Further, the caps imposed by this executive order can be negative—and in many cases are. The order allows OIRA to set “a total amount of incremental costs that will be allowed for each agency in issuing new regulations and repealing regulations” for each fiscal year. For fiscal year 2020, for example, OIRA has required the Environmental Protection Agency (EPA) and the Department of Transportation (DOT) each to reduce the total costs to the public of their cumulative rulemakings by $40 billion.11 Under the rules of the order and OIRA’s cap, even if DOT wishes to issue a set of rules that imposes no cumulative costs on society but provides billions of dollars’ worth of benefits, it could not do so.

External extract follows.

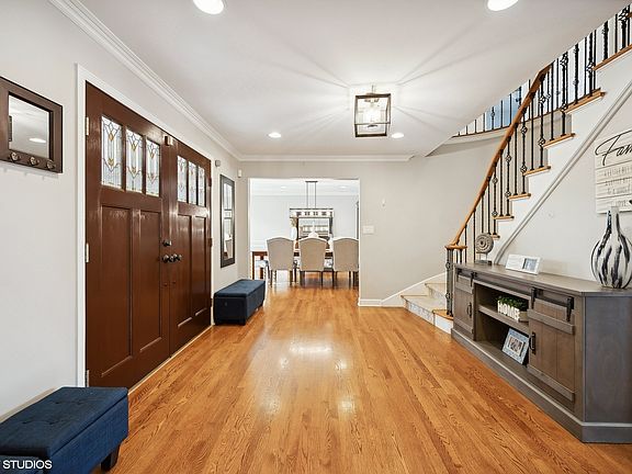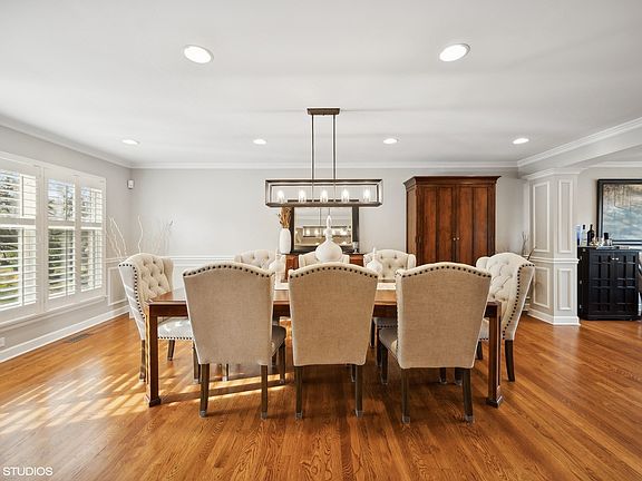 This stunning 5-bedroom, 3.5-bath colonial home has been meticulously updated to blend timeless elegance with modern convenience, offering a layout perfectly suited for today's lifestyle. From the moment you enter, you are welcomed by a new stone entrance and double doors that open to a grand foyer. Gleaming hardwood floors and recessed lighting throughout create a bright, inviting atmosphere. The banquet-size dining room is a true centerpiece, featuring wainscoting, crown molding, and custom plantation shutters-perfect for holiday gatherings or intimate dinners. The dining room flows effortlessly into the gorgeous living room. The chef's kitchen is a dream come true, showcasing custom cabinetry, a large peninsula with a beverage fridge, top-of-the-line stainless steel appliances, and stunning granite countertops. The eating area provides a picturesque view of the expansive backyard, while the kitchen opens seamlessly into the light-filled family room. This space is highlighted by a gorgeous stone fireplace, flanked by custom built-in cabinetry with granite countertops and floating shelves. Sliding doors lead to a massive deck, making indoor-outdoor living effortless and perfect for entertaining.  The main level also features a beautifully updated powder room and a highly functional laundry/mudroom, complete with custom cabinetry, built-in cubbies, and newer washer and dryer for added convenience.  Upstairs, you'll find four generously sized bedrooms with hardwood floors, ample closet space, and two full bathrooms. The luxurious primary suite is a true retreat, boasting a dual-sink vanity, a separate oversized shower, a jacuzzi tub, and a custom-organized walk-in closet, along with two additional closets for maximum storage.  The lower level is a fantastic surprise, offering a spacious recreation/game room, a dedicated area for an office or exercise room, and a full kitchen with an eating area-perfect for guests or family gatherings. A fifth bedroom with generous closet space and a full bath makes this lower-level ideal for an in-law suite or au pair arrangement. Plus, the large utility room provides additional storage space, maximizing the functionality of this floor.  Outside, you'll enjoy the tranquility and privacy of the fenced-in backyard, lush landscaping, expansive deck with a pergola perfect for al fresco dining, relaxing, and entertaining. Additional outdoor features include a shed and a dog run along the side of the house. The attached two-car garage includes built-in storage. A few recent updates include a new roof (2018), exterior painting (2022), two new water heaters (2022), and a new washer and dryer (2023), to many to mention. This home is located in the highly sought-after area with access to top-rated schools-Winkelman Elementary, Field Junior High, and Glenbrook South High School-and offers the added benefit of Glenview services. With its impeccable updates, thoughtful design, and prime location, this home is move-in ready and ready to provide a lifetime of comfort and enjoyment.

Such a requirement completely overturns the premise that the goal of regulations is to maximize public benefit, placing the objective squarely on reducing costs to regulated entities, many of which are politically well-connected.
Hiding the true costs of (de)regulation
The rejection of CBA extends beyond ignoring benefits. Perhaps the most significant change conservatives have made to the regulatory process is to shamelessly hide the true costs of deregulation. Any regulation has trade-offs, and policymakers are expected to demonstrate that they fully considered a rule’s impacts by publicly disclosing the costs and benefits. Yet time and again, conservatives have worked to ensure that the costs of their deregulatory policies do not come to light.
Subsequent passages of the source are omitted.